Didaulat menjadi narasumber Kepala BPS Jabar, Dyah Anugrah Kuswardani, Kepala Dinas Kesehatan Provinsi Jabar, Nina Susana Dewi, dan Kepala Perwakilan BKKBN Provinsi Jabar, Wahidin.

Dalam pemaparannya, Dyah Anugrah Kuswardani menyampaikan bahwa SP2020 Lanjutan merupakan rangkaian dari agenda besar Sensus Penduduk 2020 di Indonesia. SP2020 Lanjutan akan menghasilkan karakteristik penduduk dan perumahan, serta parameter demografi yang lebih lengkap, mencakup fertilitas, mortalitas, dan mobilitas.

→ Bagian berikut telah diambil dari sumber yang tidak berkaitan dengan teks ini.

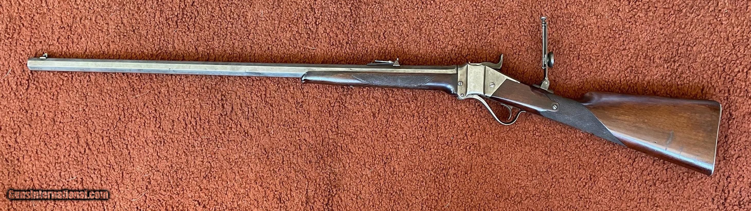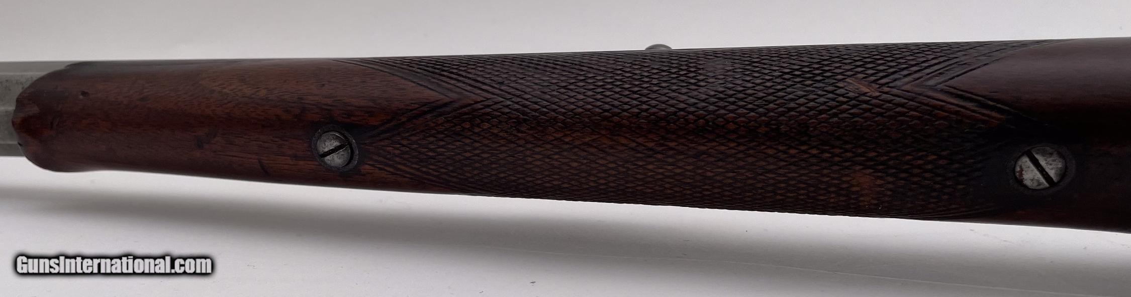 Description: Caliber is 40 x 2 1/4 Serial numer is 161803 on the action and 157801 on the trigger bar, tang sight, barrel and forend. Shipped March 4, 1874 to L.C. Bruce. The bore and action are very good. See photos for condition SOLD Antique: Yes Manufacturer: Sharps Model: 1874 Midrange Barrel Length: 30 |

Misi besar SP2020 lanjutan merupakan benchmark indikator kependudukan Indonesia; potret demografi Indonesia setelah melewati gelombang ke-2 pandemi Covid-19; evaluasi capaian pembangunan di bidang kependudukan pada SDGs dan RPJMD, serta dasar penentuan kebijakan pembangunan Indonesia menuju Indonesia Emas 2045.

Dalam mencapai misi besar ini, BPS Jabar akan menurunkan 6.501 petugas yang akan menyasar sampel sebanyak 527.456 rumah tangga. Dyah menekankan data yang sudah dikumpulkan tidak akan bermakna jika tidak dimanfaatkan sebagai dasar perencanaan dan dasar pengambilan kebijakan.

Nina Susana Dewi menyampaikan materi terkait pemanfaatan data mortalitas di bidang kesehatan. Data kelahiran dan kematian penting keberadaannya dalam pelaksanaan program kesehatan. Untuknya, berbagai regulasi dan program intervensi digulirkan untuk meningkatkan derajat kesehatan masyarakat.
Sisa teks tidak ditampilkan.